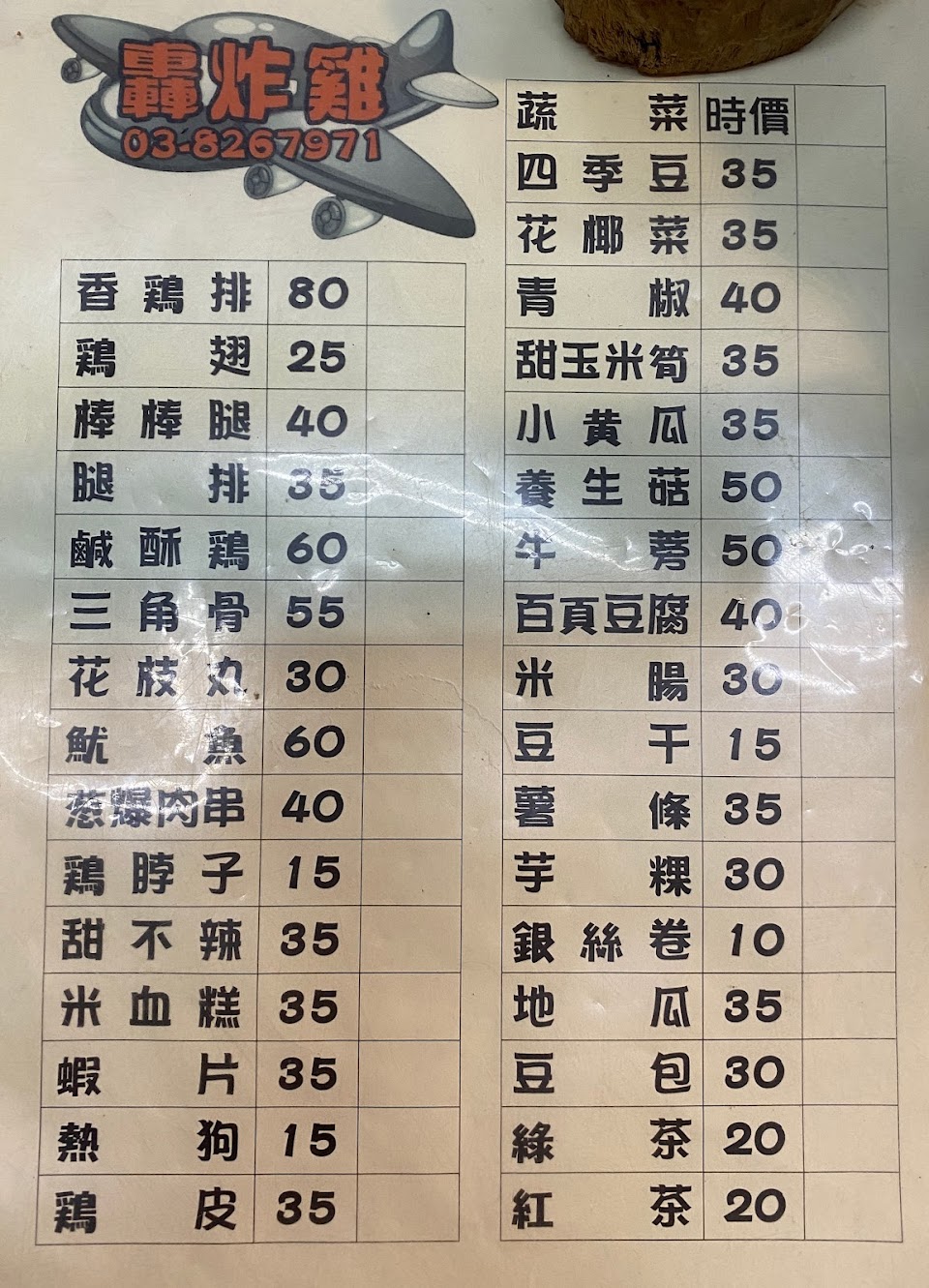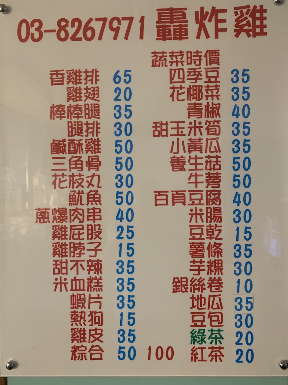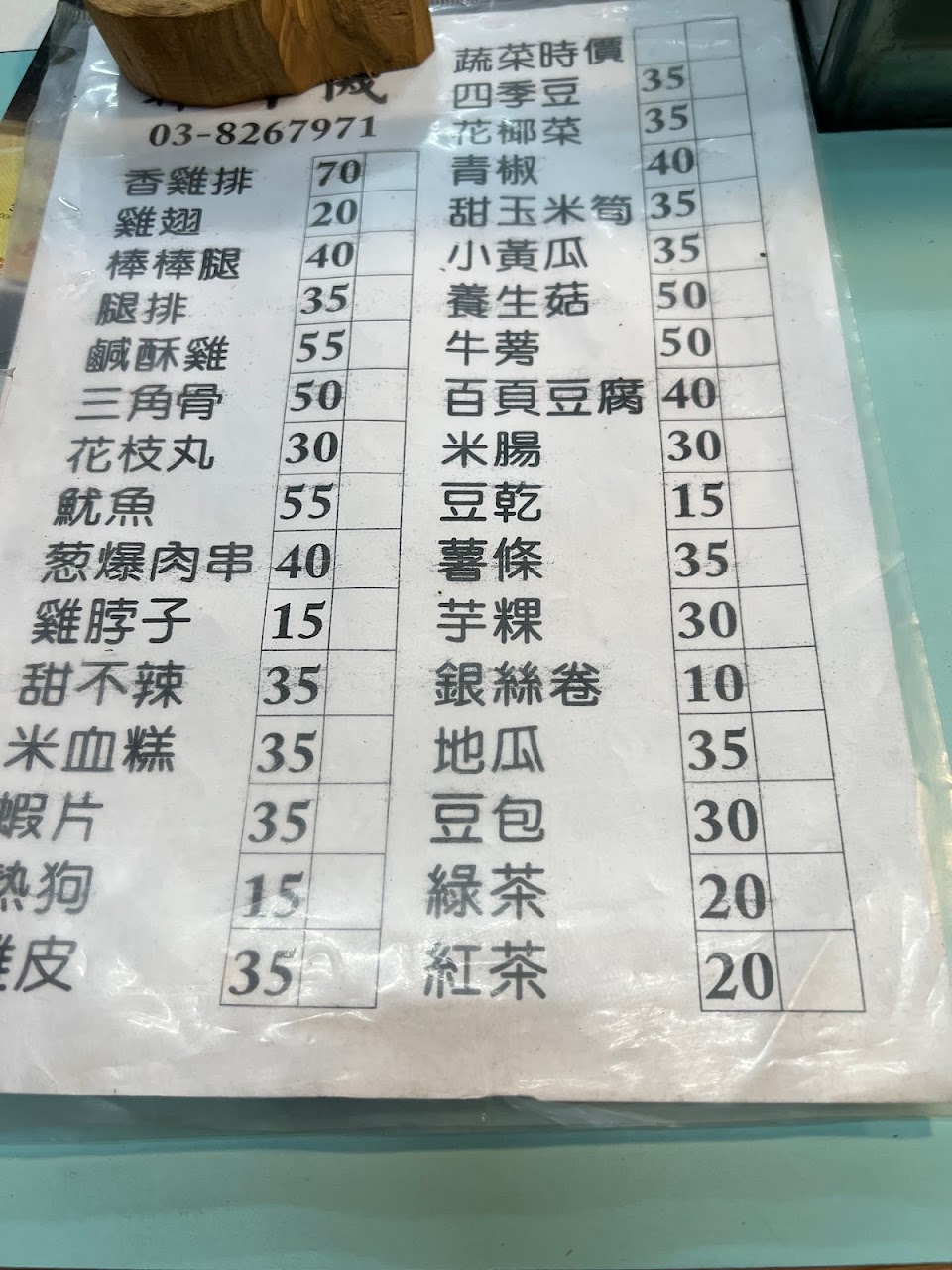 看了大家推薦買了炸牛蒡真的很好吃欸我好愛,牛蒡不是片狀是一根一根裹粉炸,吃起來外皮有酥又有牛蒡味,一份50元蠻多的~其他還買了雞翅米血糕鹽酥雞,魷魚豆干小黃瓜跟四季豆都好吃不雷,九層塔給蠻多的~價位有比西部地區稍高一些但吃了還是會回味想再去吃~
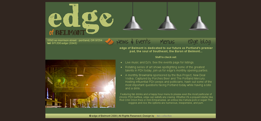 edge of Belmont is a restaurant in SE Portland serving eclectic cuisine. There site features multiple menus and an events calendar, both client controlled. In addition the event calendar automatically removes events after they’ve happened. The site was visually designed by Ben Vanderveen at plus two collective. Since the site launched I’ve helped maintain the site for them.
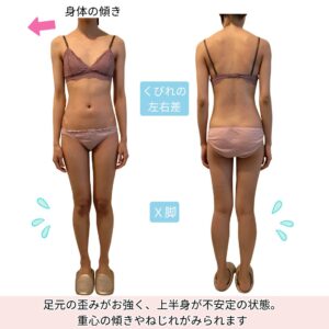 特に足はX脚で、当サロンでいう「足首O脚」。
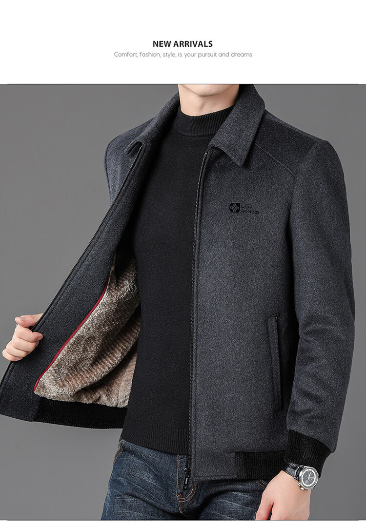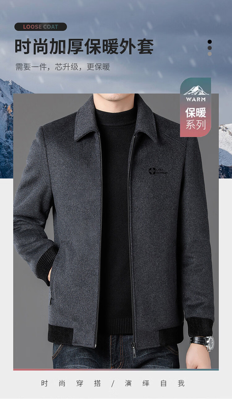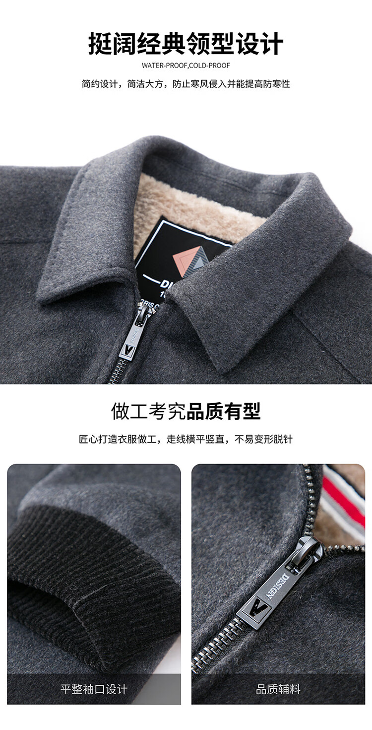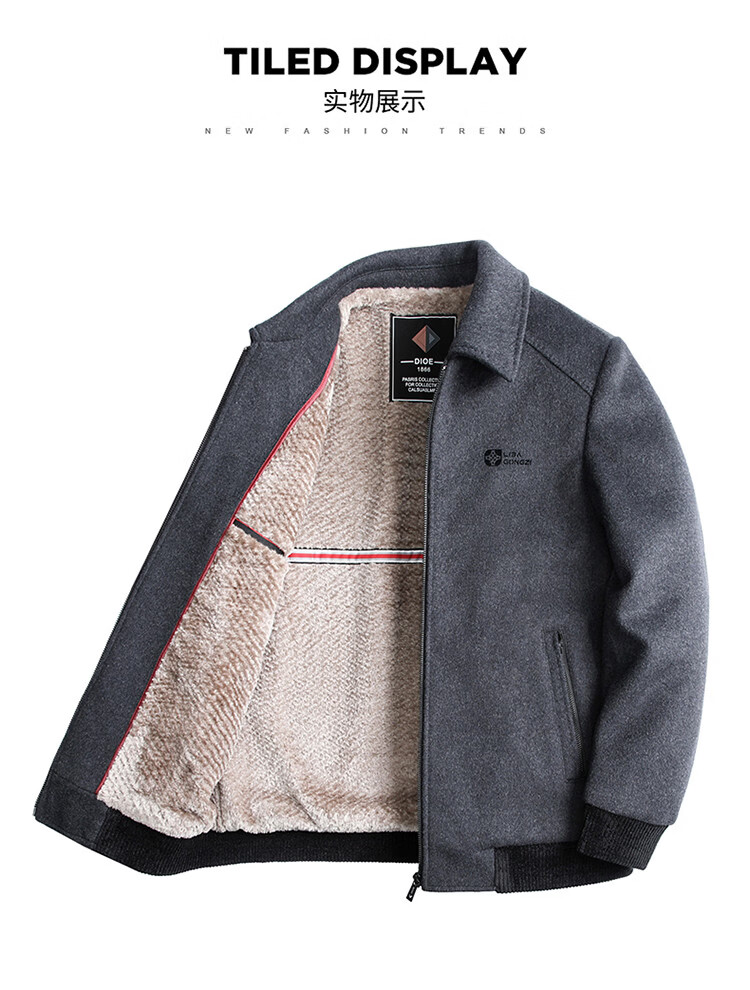LILANZ Men's Thickened Lapel Sheep Wool Woolen Jacket 2025 New Casual Warm Jacket Middle-aged and Elderly Plush Men's Clothing Gray M
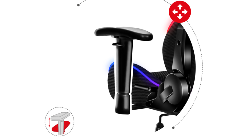 Wygodne podłokietniki z regulacją wysokości ArmRest 2D są wykonane z miękkiego, odpornego na odkształcenia materiału i pozwalają wygodnie oprzeć ręce. Podłokietniki zapewniają odpowiednie wsparcie przedramion, zmniejszają obciążenie barków i kręgosłupa.
____
Exercise objective: Your answer must be the lines from the one containing "edge of Belmont" through the last line of the records, printed exactly with no pictures; please include both ends.

Task response:
 edge of Belmont is a restaurant in SE Portland serving eclectic cuisine. There site features multiple menus and an events calendar, both client controlled. In addition the event calendar automatically removes events after they’ve happened. The site was visually designed by Ben Vanderveen at plus two collective. Since the site launched I’ve helped maintain the site for them.
 特に足はX脚で、当サロンでいう「足首O脚」。
LILANZ Men's Thickened Lapel Sheep Wool Woolen Jacket 2025 New Casual Warm Jacket Middle-aged and Elderly Plush Men's Clothing Gray M
 Wygodne podłokietniki z regulacją wysokości ArmRest 2D są wykonane z miękkiego, odpornego na odkształcenia materiału i pozwalają wygodnie oprzeć ręce. Podłokietniki zapewniają odpowiednie wsparcie przedramion, zmniejszają obciążenie barków i kręgosłupa.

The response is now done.